His heels seem a little low on his front feet.. like his toes were trimmed and dubbed and his heels left a little short. Difficult angle to judge.

Nice little horse.
     
    06-28-2013, 07:16 PM
  #6
Started
One thing I don't like is that his hind legs are off-set in several of the jumping pictures. However, that could be the result of rider error or a bad take-off. The rest of him was already covered by other posters.
     
    06-28-2013, 07:52 PM
  #7
Foal
His a bit back at the knee, his back is a bit long and needs to be worked up. Very cute though, pretty head.
     
    06-28-2013, 08:10 PM
  #8
Weanling
I asked because I know too many people who would judge a horse just on their confirmation and if their confirmation wasn't good, they would deem the horse useless to whatever discipline they are selected for. I just wanted to show people that confirmation isn't everything. I recently posted a confirmation post on a horse that I was looking at buying and everyone said that he wouldn't be a very good jumper and he too is pretty good. So I just wanted to prove a minor point is all. Plus I kinda wanted to know what everyone thought of Rusty. He was starved as a foal otherwise he would be about 16hh like his parents so he is a little oddly portioned.
     
    06-28-2013, 08:40 PM
  #9
Teen Forum Moderator
A lot of times critiquers aren't looking at the horse as just a low level jumper, but rather higher levels. Any horse can try, and any horse can improve, but every horse has it's limit and conformation plays a big role in how limited the animal will be. Granted, some horses have a LOT of heart and can make up for some of their conformation, but the way they are built plays a big part not just in how they perform NOW but also how long they will last in the future.

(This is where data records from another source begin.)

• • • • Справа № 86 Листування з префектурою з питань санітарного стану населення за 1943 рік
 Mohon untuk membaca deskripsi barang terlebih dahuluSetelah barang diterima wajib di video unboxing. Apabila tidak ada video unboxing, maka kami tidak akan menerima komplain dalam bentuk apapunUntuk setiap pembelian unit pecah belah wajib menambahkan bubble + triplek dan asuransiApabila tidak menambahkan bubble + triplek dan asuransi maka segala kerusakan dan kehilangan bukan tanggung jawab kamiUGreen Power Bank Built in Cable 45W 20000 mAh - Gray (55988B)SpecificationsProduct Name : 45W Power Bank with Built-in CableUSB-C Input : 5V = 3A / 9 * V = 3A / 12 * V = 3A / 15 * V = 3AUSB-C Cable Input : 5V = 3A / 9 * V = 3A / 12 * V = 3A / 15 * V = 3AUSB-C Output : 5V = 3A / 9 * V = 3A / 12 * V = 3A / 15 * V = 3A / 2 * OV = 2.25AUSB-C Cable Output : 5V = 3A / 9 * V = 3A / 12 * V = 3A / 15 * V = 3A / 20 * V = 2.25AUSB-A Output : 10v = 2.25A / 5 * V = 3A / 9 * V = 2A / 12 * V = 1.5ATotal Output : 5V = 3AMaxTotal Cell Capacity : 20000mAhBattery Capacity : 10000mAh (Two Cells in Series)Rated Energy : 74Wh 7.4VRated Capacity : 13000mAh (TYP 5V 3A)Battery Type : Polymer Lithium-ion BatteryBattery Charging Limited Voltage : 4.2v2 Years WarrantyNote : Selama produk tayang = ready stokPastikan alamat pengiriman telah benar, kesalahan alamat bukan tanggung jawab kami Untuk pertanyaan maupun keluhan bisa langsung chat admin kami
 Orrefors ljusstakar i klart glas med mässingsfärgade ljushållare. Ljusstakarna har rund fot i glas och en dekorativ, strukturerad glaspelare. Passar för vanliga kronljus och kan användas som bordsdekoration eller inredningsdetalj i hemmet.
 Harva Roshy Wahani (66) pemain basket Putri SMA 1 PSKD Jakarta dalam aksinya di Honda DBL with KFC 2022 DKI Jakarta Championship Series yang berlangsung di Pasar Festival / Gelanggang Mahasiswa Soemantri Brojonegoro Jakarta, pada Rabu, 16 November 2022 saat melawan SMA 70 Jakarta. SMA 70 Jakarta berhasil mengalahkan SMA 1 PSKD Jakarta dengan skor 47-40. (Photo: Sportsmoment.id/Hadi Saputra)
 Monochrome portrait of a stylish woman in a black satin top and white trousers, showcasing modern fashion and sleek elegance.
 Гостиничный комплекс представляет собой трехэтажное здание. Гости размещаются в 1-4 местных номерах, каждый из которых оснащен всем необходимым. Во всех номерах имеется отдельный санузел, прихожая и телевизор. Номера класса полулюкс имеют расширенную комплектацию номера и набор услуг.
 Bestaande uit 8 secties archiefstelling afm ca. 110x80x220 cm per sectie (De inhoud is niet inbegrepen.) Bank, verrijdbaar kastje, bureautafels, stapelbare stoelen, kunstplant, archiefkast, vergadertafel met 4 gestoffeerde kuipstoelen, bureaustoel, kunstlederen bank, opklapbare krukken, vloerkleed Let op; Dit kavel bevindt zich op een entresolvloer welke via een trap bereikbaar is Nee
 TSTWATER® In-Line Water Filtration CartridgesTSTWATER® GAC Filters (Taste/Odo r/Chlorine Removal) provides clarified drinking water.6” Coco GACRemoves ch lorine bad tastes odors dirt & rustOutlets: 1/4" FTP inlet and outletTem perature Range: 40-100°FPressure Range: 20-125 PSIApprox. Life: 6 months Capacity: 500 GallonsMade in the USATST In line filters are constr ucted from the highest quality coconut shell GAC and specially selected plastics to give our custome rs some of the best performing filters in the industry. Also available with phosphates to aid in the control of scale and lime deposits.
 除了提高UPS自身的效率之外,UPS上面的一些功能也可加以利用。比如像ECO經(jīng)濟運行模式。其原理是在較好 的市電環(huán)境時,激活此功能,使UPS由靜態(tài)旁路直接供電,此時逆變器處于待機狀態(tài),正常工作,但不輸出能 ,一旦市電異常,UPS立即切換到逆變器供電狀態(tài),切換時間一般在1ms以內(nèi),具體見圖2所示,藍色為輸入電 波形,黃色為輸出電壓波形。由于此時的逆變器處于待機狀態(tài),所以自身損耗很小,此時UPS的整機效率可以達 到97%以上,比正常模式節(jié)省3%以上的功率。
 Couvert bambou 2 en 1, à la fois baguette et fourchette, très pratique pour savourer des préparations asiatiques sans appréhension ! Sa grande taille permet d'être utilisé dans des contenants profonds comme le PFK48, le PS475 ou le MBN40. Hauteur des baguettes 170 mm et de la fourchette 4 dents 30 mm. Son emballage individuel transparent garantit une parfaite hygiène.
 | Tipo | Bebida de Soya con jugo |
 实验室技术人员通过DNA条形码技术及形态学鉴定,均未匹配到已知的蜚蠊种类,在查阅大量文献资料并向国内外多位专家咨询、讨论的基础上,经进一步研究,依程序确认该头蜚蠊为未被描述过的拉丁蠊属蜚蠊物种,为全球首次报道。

For example, I have a 5 year old mini mare. She has a TON of drive and loves to work, so I taught her to pull a cart. She loves it. However, her conformation is poor and she has a clubbed foot as well as a straight back, straight shoulder, and high croup. Those things don't hinder her ability to pull the cart, how much fun I have driving her, or how much she enjoys having a job, but they SIGNIFICANTLY affect how hard I can work her, how she looks under cart, how she looks when she's pulling the cart (she'd never make it as a cart show horse), and how much weight she can pull.
Horses4Healing likes this.
     
    06-28-2013, 08:52 PM
  #10
Weanling
Quote:
Originally Posted by Endiku    
A lot of times critiquers aren't looking at the horse as just a low level jumper, but rather higher levels. Any horse can try, and any horse can improve, but every horse has it's limit and conformation plays a big role in how limited the animal will be. Granted, some horses have a LOT of heart and can make up for some of their conformation, but the way they are built plays a big part not just in how they perform NOW but also how long they will last in the future.

For example, I have a 5 year old mini mare. She has a TON of drive and loves to work, so I taught her to pull a cart. She loves it. However, her conformation is poor and she has a clubbed foot as well as a straight back, straight shoulder, and high croup. Those things don't hinder her ability to pull the cart, how much fun I have driving her, or how much she enjoys having a job, but they SIGNIFICANTLY affect how hard I can work her, how she looks under cart, how she looks when she's pulling the cart (she'd never make it as a cart show horse), and how much weight she can pull.
I will say that you have a good point.